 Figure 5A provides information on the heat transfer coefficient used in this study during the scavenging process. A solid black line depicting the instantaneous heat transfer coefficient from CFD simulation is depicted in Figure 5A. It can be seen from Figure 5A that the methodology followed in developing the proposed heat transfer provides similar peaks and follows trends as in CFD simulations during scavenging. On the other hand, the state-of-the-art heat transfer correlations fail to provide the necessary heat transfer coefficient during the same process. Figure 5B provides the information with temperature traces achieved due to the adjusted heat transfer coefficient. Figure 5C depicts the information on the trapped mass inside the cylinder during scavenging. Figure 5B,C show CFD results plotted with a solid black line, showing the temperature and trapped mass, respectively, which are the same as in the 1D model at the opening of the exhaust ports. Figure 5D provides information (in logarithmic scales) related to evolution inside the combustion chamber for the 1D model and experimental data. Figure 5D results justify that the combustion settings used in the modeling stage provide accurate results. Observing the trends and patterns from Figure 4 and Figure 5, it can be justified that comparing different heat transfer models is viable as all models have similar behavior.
——
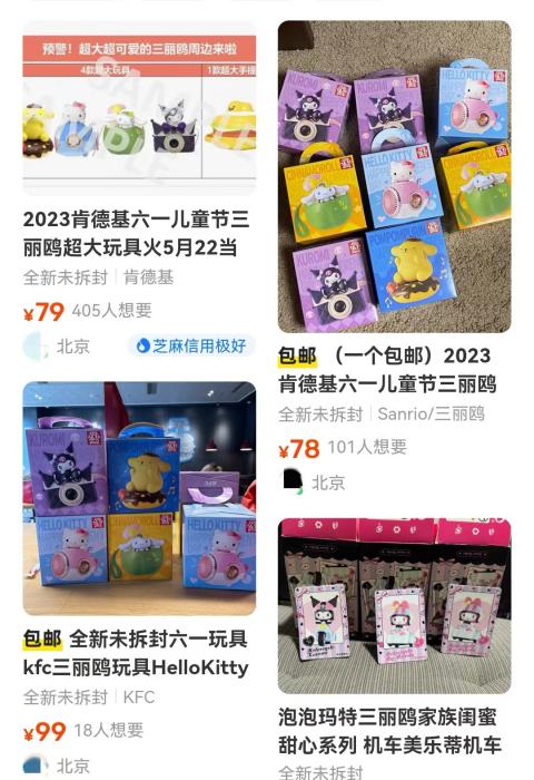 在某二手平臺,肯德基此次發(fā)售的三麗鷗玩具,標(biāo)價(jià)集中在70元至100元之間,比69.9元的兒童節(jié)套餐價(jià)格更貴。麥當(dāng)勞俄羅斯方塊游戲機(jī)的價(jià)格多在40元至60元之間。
——
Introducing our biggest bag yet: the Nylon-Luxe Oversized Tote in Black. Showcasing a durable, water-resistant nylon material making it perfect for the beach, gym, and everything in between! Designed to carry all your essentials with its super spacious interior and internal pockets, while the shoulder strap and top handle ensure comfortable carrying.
——
_The task_.
Where a line of the data contains the string "with", include it in a count, and state that count alone.

_Task response_.
2